Data for analysis:
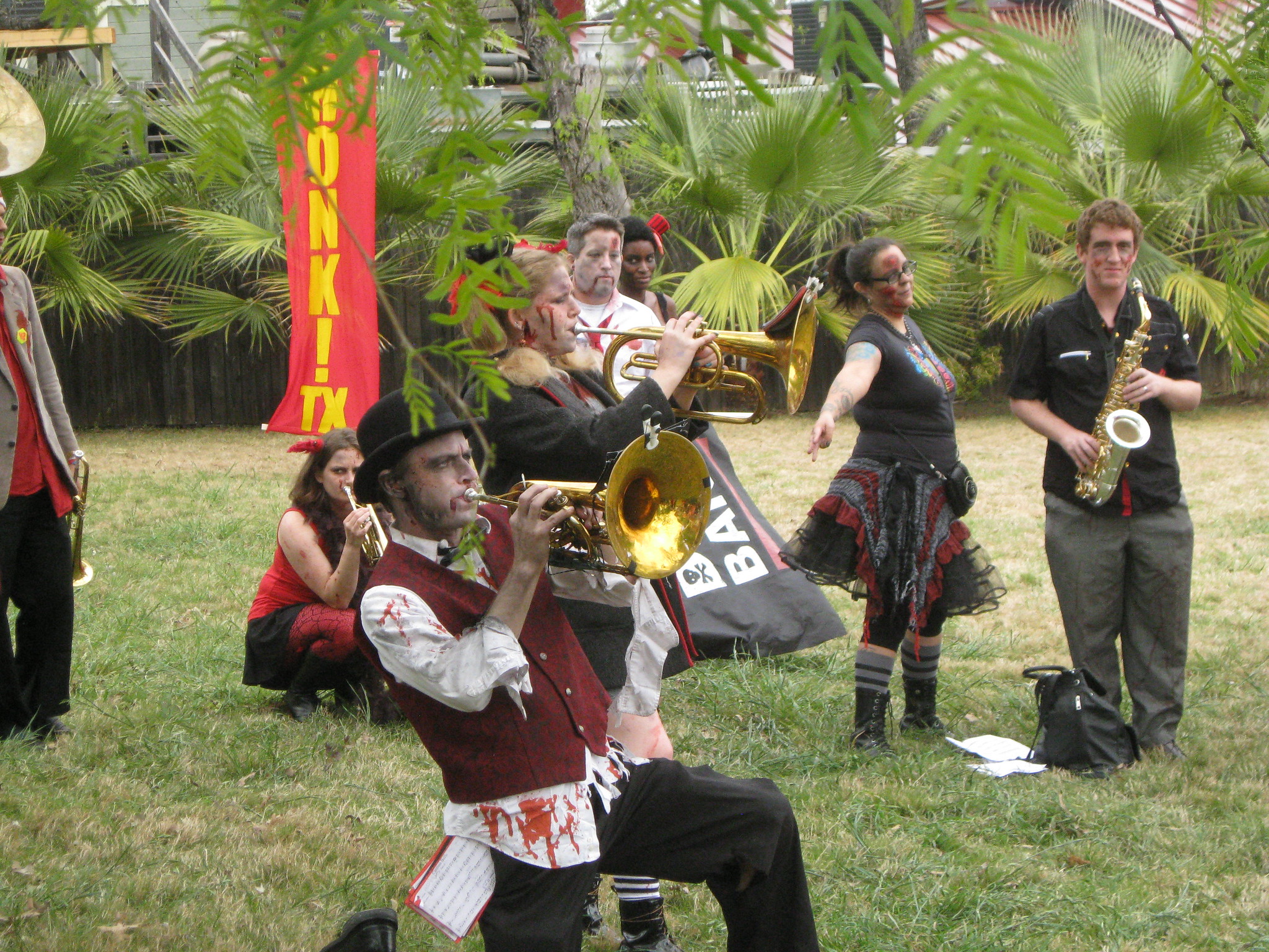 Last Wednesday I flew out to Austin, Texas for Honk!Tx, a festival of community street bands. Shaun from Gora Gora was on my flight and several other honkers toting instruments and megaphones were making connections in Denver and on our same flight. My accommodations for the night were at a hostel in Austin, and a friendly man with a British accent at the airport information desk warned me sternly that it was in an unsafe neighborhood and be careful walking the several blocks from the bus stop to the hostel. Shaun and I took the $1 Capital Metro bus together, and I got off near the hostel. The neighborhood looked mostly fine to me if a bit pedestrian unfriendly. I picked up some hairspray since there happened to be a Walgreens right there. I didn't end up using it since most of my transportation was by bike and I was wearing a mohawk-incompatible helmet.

---

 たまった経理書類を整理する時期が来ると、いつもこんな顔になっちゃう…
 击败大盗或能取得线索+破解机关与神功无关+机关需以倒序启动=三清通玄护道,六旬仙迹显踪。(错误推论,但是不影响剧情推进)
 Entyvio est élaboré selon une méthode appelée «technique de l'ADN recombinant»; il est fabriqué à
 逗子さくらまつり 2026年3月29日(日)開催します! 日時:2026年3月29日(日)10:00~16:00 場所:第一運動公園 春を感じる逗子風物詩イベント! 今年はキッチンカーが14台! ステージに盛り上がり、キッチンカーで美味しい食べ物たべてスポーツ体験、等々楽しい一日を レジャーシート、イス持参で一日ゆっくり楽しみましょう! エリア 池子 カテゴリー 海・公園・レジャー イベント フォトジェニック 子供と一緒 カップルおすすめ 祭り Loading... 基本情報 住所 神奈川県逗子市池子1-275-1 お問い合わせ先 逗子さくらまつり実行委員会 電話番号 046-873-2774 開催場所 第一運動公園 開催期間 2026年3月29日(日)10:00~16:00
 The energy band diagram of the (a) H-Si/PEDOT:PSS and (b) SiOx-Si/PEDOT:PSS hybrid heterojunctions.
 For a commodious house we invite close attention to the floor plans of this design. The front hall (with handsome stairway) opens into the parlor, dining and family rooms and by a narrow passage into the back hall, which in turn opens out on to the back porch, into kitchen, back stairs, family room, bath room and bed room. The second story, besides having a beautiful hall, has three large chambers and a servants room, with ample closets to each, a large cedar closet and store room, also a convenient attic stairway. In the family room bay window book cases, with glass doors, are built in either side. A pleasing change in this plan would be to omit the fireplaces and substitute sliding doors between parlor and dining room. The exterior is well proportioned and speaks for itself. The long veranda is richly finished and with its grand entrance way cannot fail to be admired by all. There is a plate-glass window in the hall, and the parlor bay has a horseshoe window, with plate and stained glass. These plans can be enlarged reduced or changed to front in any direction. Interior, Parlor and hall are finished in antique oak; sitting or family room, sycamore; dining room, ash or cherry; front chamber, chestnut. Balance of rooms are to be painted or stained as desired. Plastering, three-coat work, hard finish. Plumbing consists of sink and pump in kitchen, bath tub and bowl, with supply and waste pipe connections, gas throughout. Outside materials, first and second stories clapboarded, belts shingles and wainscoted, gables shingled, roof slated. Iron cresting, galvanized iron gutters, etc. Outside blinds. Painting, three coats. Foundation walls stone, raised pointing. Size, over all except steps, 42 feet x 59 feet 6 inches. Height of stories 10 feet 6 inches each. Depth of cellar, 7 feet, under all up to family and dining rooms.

Exercise description: Reproduce exactly the lines above from the line with "击败大盗或能取得线索+破解机" to the line with "The energy band", including both, and add nothing.

Solution for this task:
 击败大盗或能取得线索+破解机关与神功无关+机关需以倒序启动=三清通玄护道,六旬仙迹显踪。(错误推论,但是不影响剧情推进)
 Entyvio est élaboré selon une méthode appelée «technique de l'ADN recombinant»; il est fabriqué à
 逗子さくらまつり 2026年3月29日(日)開催します! 日時:2026年3月29日(日)10:00~16:00 場所:第一運動公園 春を感じる逗子風物詩イベント! 今年はキッチンカーが14台! ステージに盛り上がり、キッチンカーで美味しい食べ物たべてスポーツ体験、等々楽しい一日を レジャーシート、イス持参で一日ゆっくり楽しみましょう! エリア 池子 カテゴリー 海・公園・レジャー イベント フォトジェニック 子供と一緒 カップルおすすめ 祭り Loading... 基本情報 住所 神奈川県逗子市池子1-275-1 お問い合わせ先 逗子さくらまつり実行委員会 電話番号 046-873-2774 開催場所 第一運動公園 開催期間 2026年3月29日(日)10:00~16:00
 The energy band diagram of the (a) H-Si/PEDOT:PSS and (b) SiOx-Si/PEDOT:PSS hybrid heterojunctions.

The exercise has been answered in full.